Second, our sample size is small. Large sample size can dramatically improve the statistical power for detecting the potential pathways. The association signal of ROA in our study (618 individuals) was weak (nominal P=0.012) compared with our US replication study (nominal P=0.002, 1000 individuals). Therefore, we reported the ROA pathway based on the statistical evidence with a consistently increased trend.
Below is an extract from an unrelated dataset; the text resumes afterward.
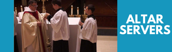 Students, male or female, who are in the fifth grade or older and have made their First Holy Communion, are encouraged to serve at Mass. Training is provided and interested youth may pick up an application form at one of the church entrances or contact the Pastor or Church Office.

Third, although pathway-based analysis is a promising strategy to data mining of GWAS data sets, it is currently unclear what the best strategy is. Several methods are developed for pathway hunting recently.26, 27, 28, 29, 30 All of these methods used relatively complex model or simulation to improve the accuracy and statistical power. In fact, how to properly account for the gene size, gene number and linkage disequilibrium (LD) and how to adopt the optimal SNP weighting scheme (for example the representative SNPs located in the coding sequence could be more important than others) are worth further investigating. We used this method because it was generally robust to gene size, LD, gene number and, thus, accepted by the community.14, 31, 32 In addition, it was the real ‘hypothesis-free’ approach for pathway investigation, which means it can comprehensively test the association across different up-to-date pathway databases without prior hypotheses. Some studies first identified promising genes in one hypothesized pathway, then assessed the association of those genes with specific traits such as Parkinson disease.33, 34 However, similar approaches were limited for quantitative complex traits (height), because the unknown fundamental biological processes may influence the phenotypes, such as the EphrinA–EphR pathway for bone geometry,31 the C-type natriuretic peptide signaling for human height.12

Finally, there are eight genes (eight representative SNPs) of ROA pathway cluster in a small region as shown in Figure 2 and Table 4. In addition, we constructed the LD block map for them (Figure 3), and six of them were located in one strong LD block. Although the permutation approaches may relieve this issue,14, 32 the cluster of SNPs could still influence the result, and we lack a reliable method to accurately evaluate the extent of the influence. In our recent study, we performed the pathway-based study through shuffling the genotypic data (not phenotypic as the original).35 This procedure can completely eliminate the influence of strong LD, because it breaks the structure of original LD. However, the simulated results showed that the false-positive rate was not reduced; rather, it was slightly larger than the one by shuffling phenotypic data. Therefore, the influence of strong LD actually is far more less than one can expect. To permutate, the phenotypic data were a more conservative pathway-based association approach. To report this result, we mainly based on the statistical evidence and the independent replication study. Therefore, our study may only be served as a tentative investigation using this kind of test strategy. The future studies with larger sample size are necessary to validate our result.

Figure 2
figure 2

Physical position of the eight IFNA family members, including their corresponding representative SNPs located on the chromosome 9.

Figure 3
figure 3

The haplotype block map for the eight representative SNPs of clustered IFNA family members. It was constructed using our own genotype data showing pair-wise linkage disequilibrium in r2.

In summary, the ROA pathway was suggestively associated with the height variation in Han Chinese in our pathway-based GWAS analyses. The genetic findings were supported by their biological implications in long bone development and replication study in the whites. Further functional researches are still warranted to fill the biological mechanism details.